#### SOURCE DATA
|---|

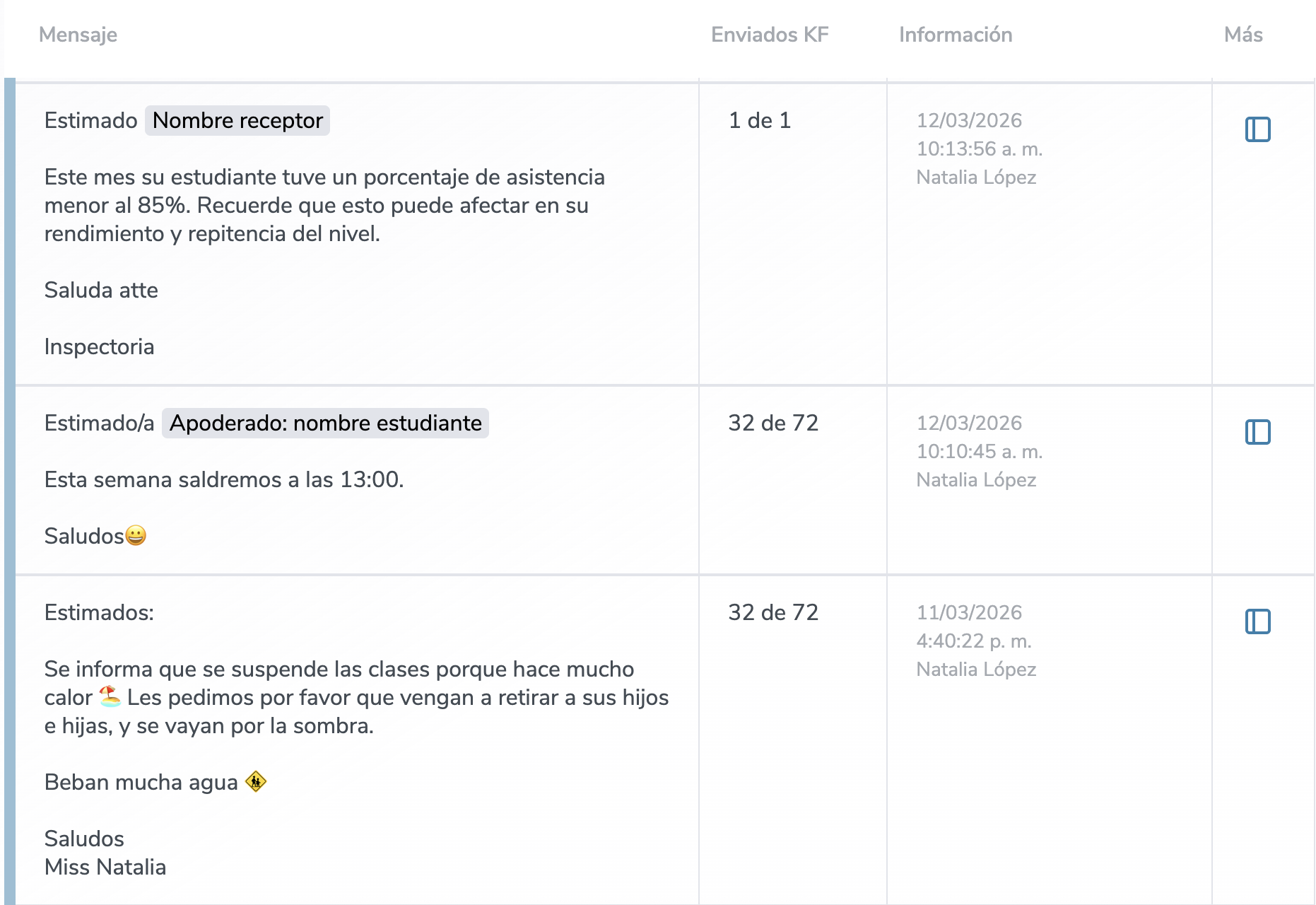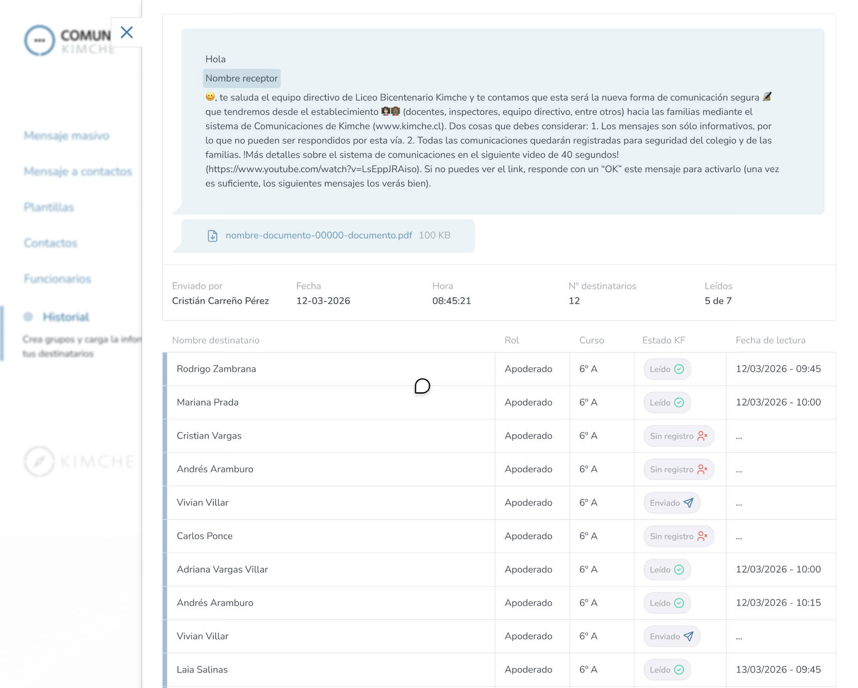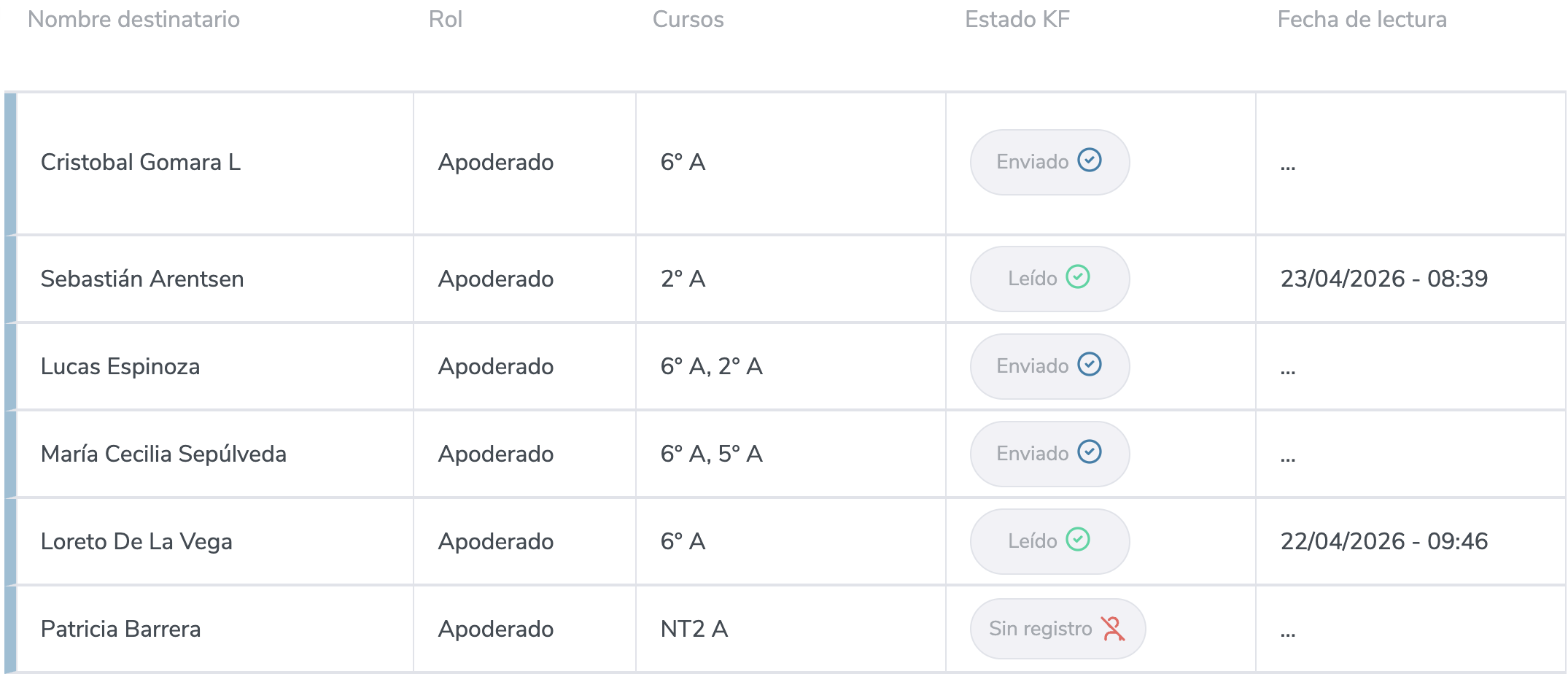 Si el mensaje fue entregado correctamente, aparecerá como "Enviado" en la columna "Estado". En caso que el apoderado no este registrado aparecerá el mensaje "sin registro" y cuando aparece el mensaje "leído" es porque el mensaje fue leído y se muestra la fecha y hora en que se realizó la lectura.
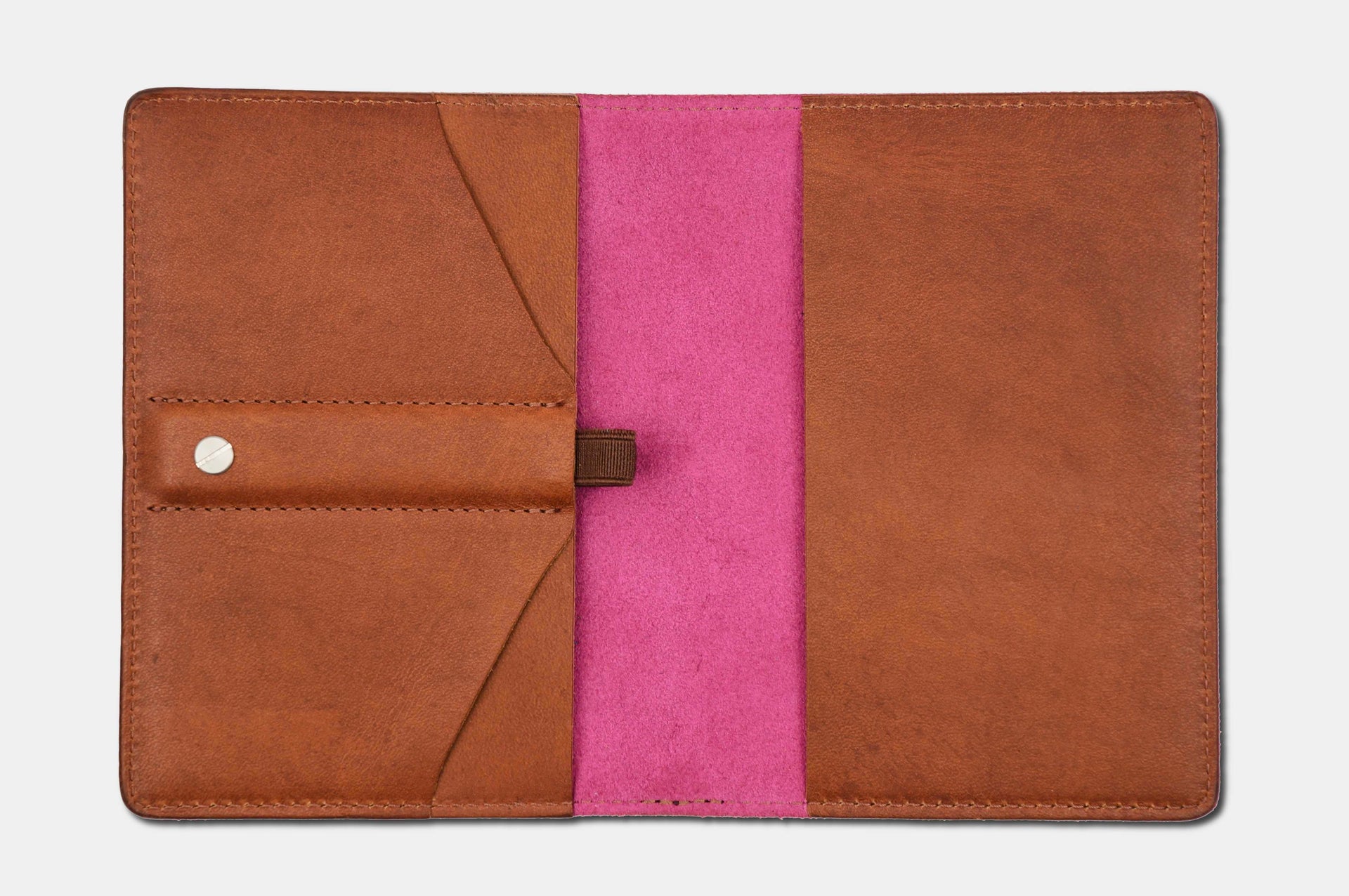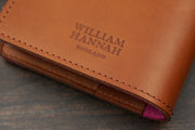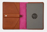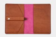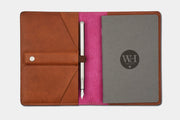 This is our Whiskey & Fuchsia cover, with space for a standard 90mm x 140mm (3½" × 5½") paper notebook, and it has two credit card/business card slots and a narrow front pocket. And since a notebook is only useful when you're carrying something to write with, we have incorporated a replaceable pen loop too.
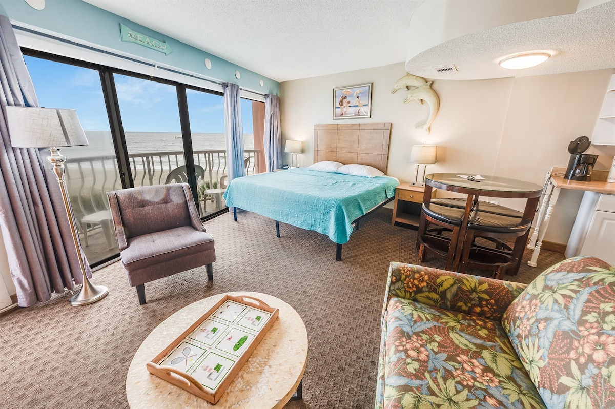 Relaxe com toda a família neste condomínio à beira-mar lindamente atualizado no Caravelle Resort. Desfrute de vistas deslumbrantes para o Oceano Atlântico, acesso direto à praia e um ambiente familiar. Totalmente mobiliado com uma cama Murphy versátil, é perfeito para famílias, casais ou viajantes individuais. A poucos passos da areia, piscinas, banheiras de hidromassagem, restaurantes, lojas e atrações — sua escapada em Myrtle Beach espera por você!
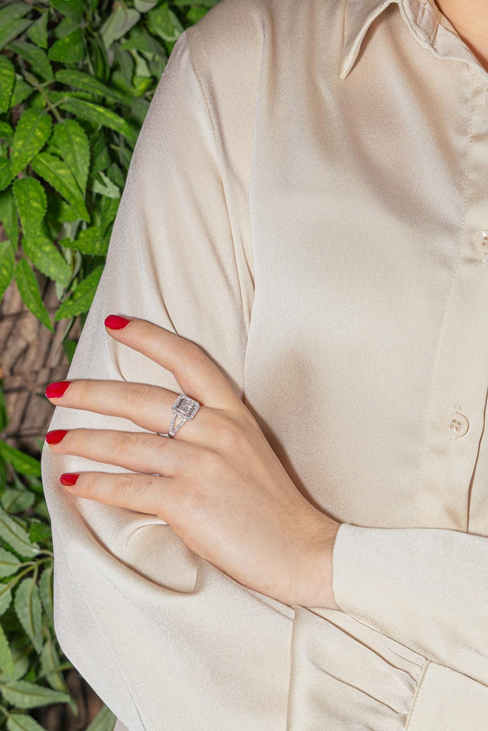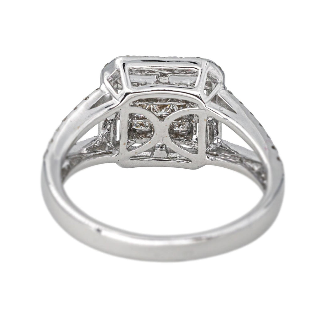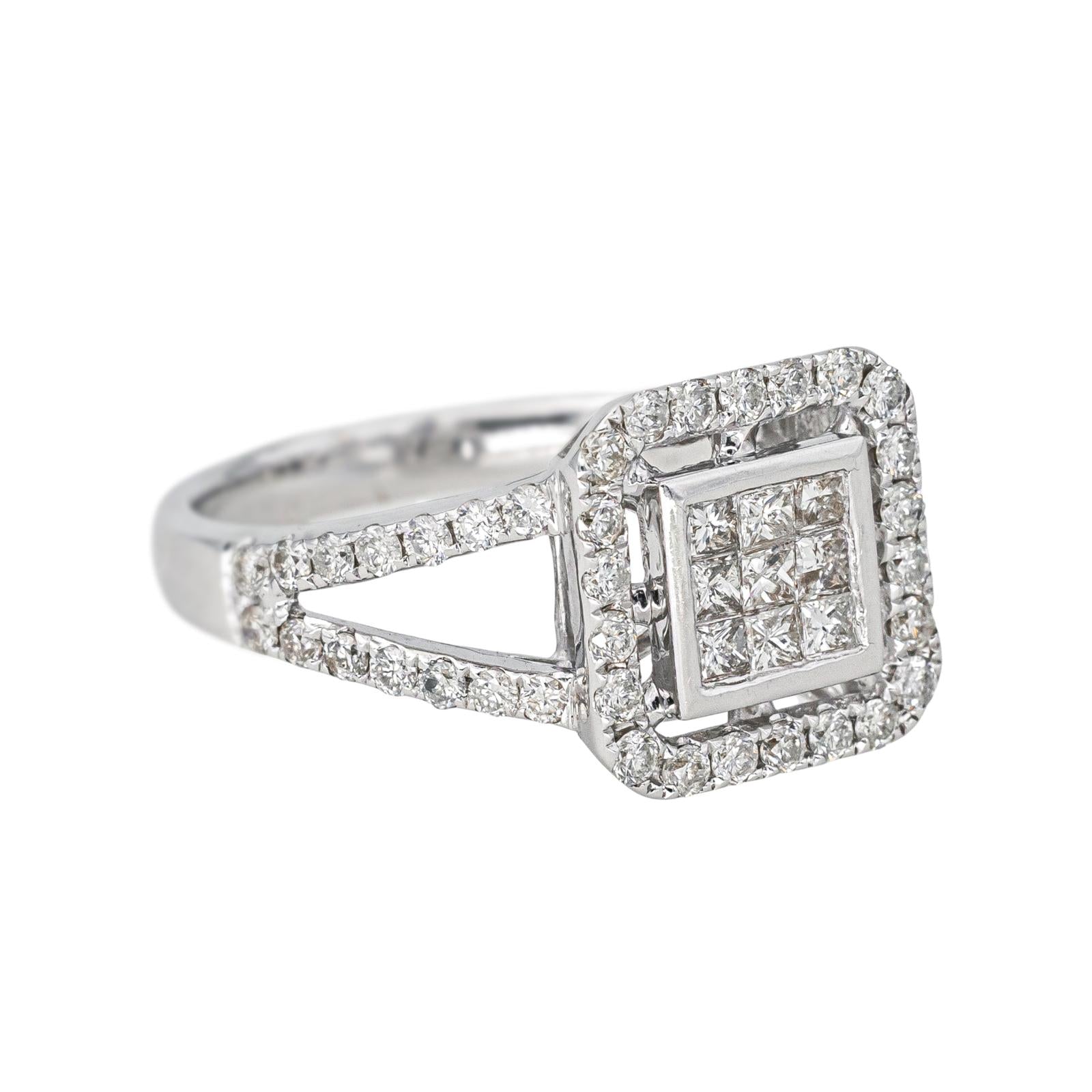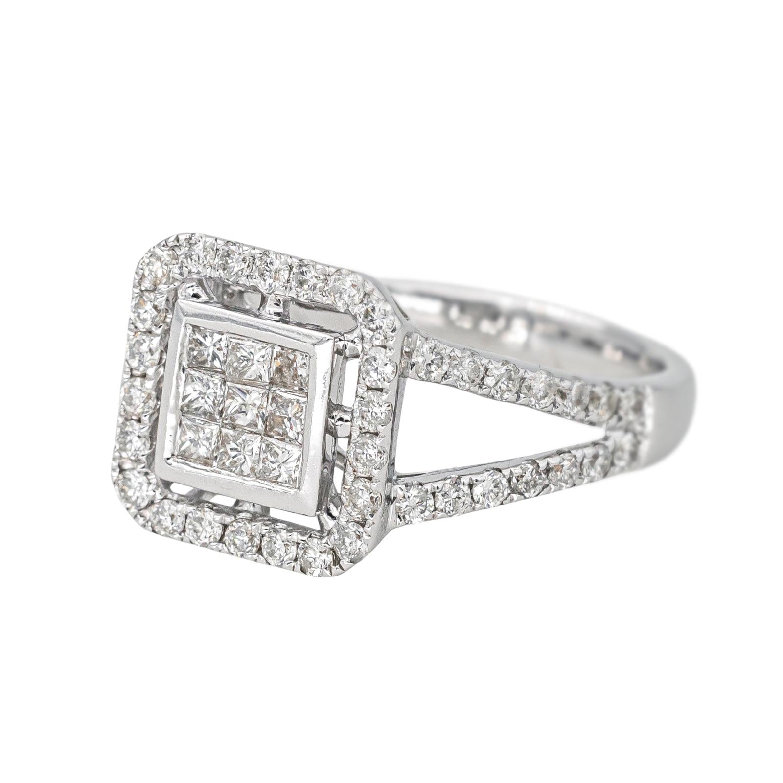Bague en or blanc 750 millièmes (18 carats), pavée de diamants, 9 diamants taille carré, environ I-SI, d'un poids total d'environ 0,36 ct, (chaque diamant d'un poids d'environ 0,04 ct) entourés de 22 diamants taille brillant, environ I-SI, d'un poids total d'environ 0,22 ct (chaque diamant d'un poids d'environ 0,01 ct), poids total diamant : 0,58 ct, largeur sur le dessus : 1,13 cm, tour de doigt : 56, poids total : 4,74 g, poinçon tête d'aigle, excellent état

|---|

#### TASK REQUIREMENTS
Could you print the listing above word for word, without its pictures?

#### RESULT
 Si el mensaje fue entregado correctamente, aparecerá como "Enviado" en la columna "Estado". En caso que el apoderado no este registrado aparecerá el mensaje "sin registro" y cuando aparece el mensaje "leído" es porque el mensaje fue leído y se muestra la fecha y hora en que se realizó la lectura.
 This is our Whiskey & Fuchsia cover, with space for a standard 90mm x 140mm (3½" × 5½") paper notebook, and it has two credit card/business card slots and a narrow front pocket. And since a notebook is only useful when you're carrying something to write with, we have incorporated a replaceable pen loop too.
 Relaxe com toda a família neste condomínio à beira-mar lindamente atualizado no Caravelle Resort. Desfrute de vistas deslumbrantes para o Oceano Atlântico, acesso direto à praia e um ambiente familiar. Totalmente mobiliado com uma cama Murphy versátil, é perfeito para famílias, casais ou viajantes individuais. A poucos passos da areia, piscinas, banheiras de hidromassagem, restaurantes, lojas e atrações — sua escapada em Myrtle Beach espera por você!
Bague en or blanc 750 millièmes (18 carats), pavée de diamants, 9 diamants taille carré, environ I-SI, d'un poids total d'environ 0,36 ct, (chaque diamant d'un poids d'environ 0,04 ct) entourés de 22 diamants taille brillant, environ I-SI, d'un poids total d'environ 0,22 ct (chaque diamant d'un poids d'environ 0,01 ct), poids total diamant : 0,58 ct, largeur sur le dessus : 1,13 cm, tour de doigt : 56, poids total : 4,74 g, poinçon tête d'aigle, excellent état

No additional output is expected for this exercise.